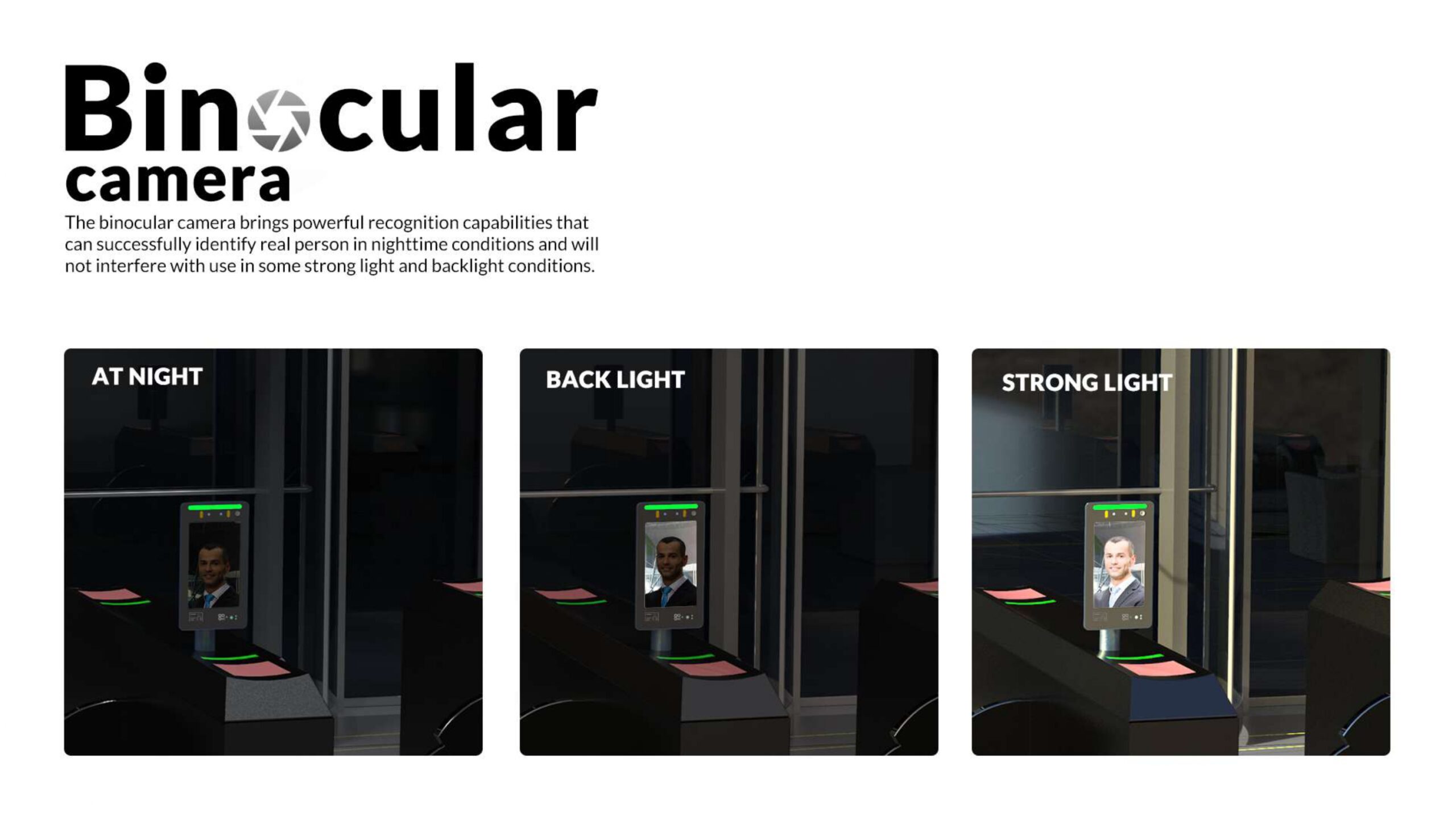| Recognition Mode | Offline Dynamic Portrait Mode + Double Eye Check Counterfeit Mode |
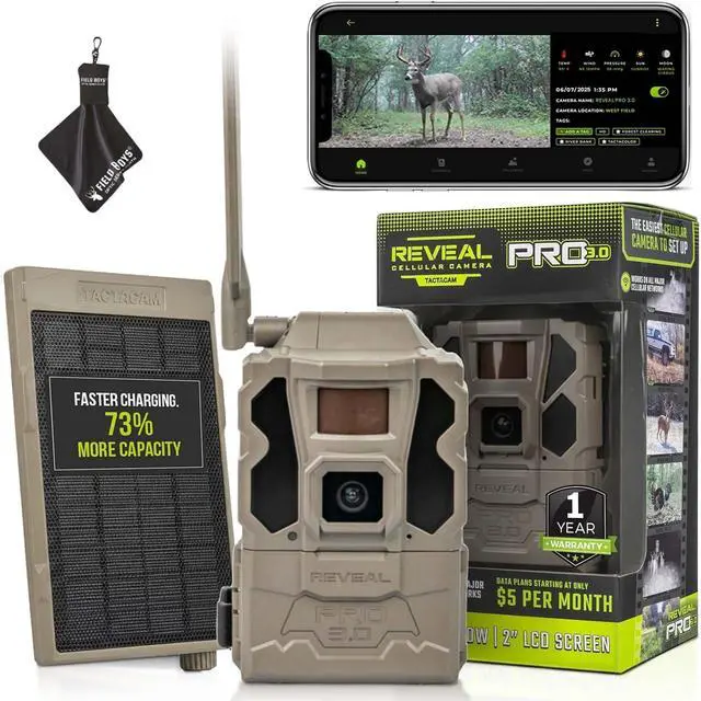 Includes Tactacam Reveal Pro 3.0 Trail Cameras, Tactacam Solar Panel and Field Boys Microfiber Cleaning Cloth by Trail Cams Galore, a Trademarked Brand.. The Tactacam Reveal Pro 3.0 is highly adaptable. It can be paired with optional accessories such as solar panels for extended battery life, and it is designed to work on multiple cellular networks, giving you flexibility in choosing your cellular provider.
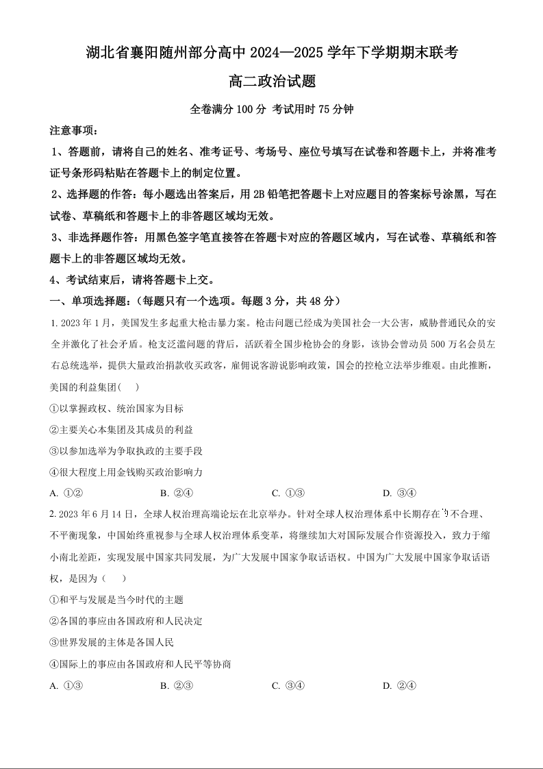 湖北省襄阳市随州部分高中2024-2025学年高二下学期期末联考政治(原卷版)

········

Action item:
Beginning with the line that contains "Includes Tactacam Reveal" and ending with the last line of the data above, output those lines exactly and nothing more, without any pictures.

Written solution:
 Includes Tactacam Reveal Pro 3.0 Trail Cameras, Tactacam Solar Panel and Field Boys Microfiber Cleaning Cloth by Trail Cams Galore, a Trademarked Brand.. The Tactacam Reveal Pro 3.0 is highly adaptable. It can be paired with optional accessories such as solar panels for extended battery life, and it is designed to work on multiple cellular networks, giving you flexibility in choosing your cellular provider.
 湖北省襄阳市随州部分高中2024-2025学年高二下学期期末联考政治(原卷版)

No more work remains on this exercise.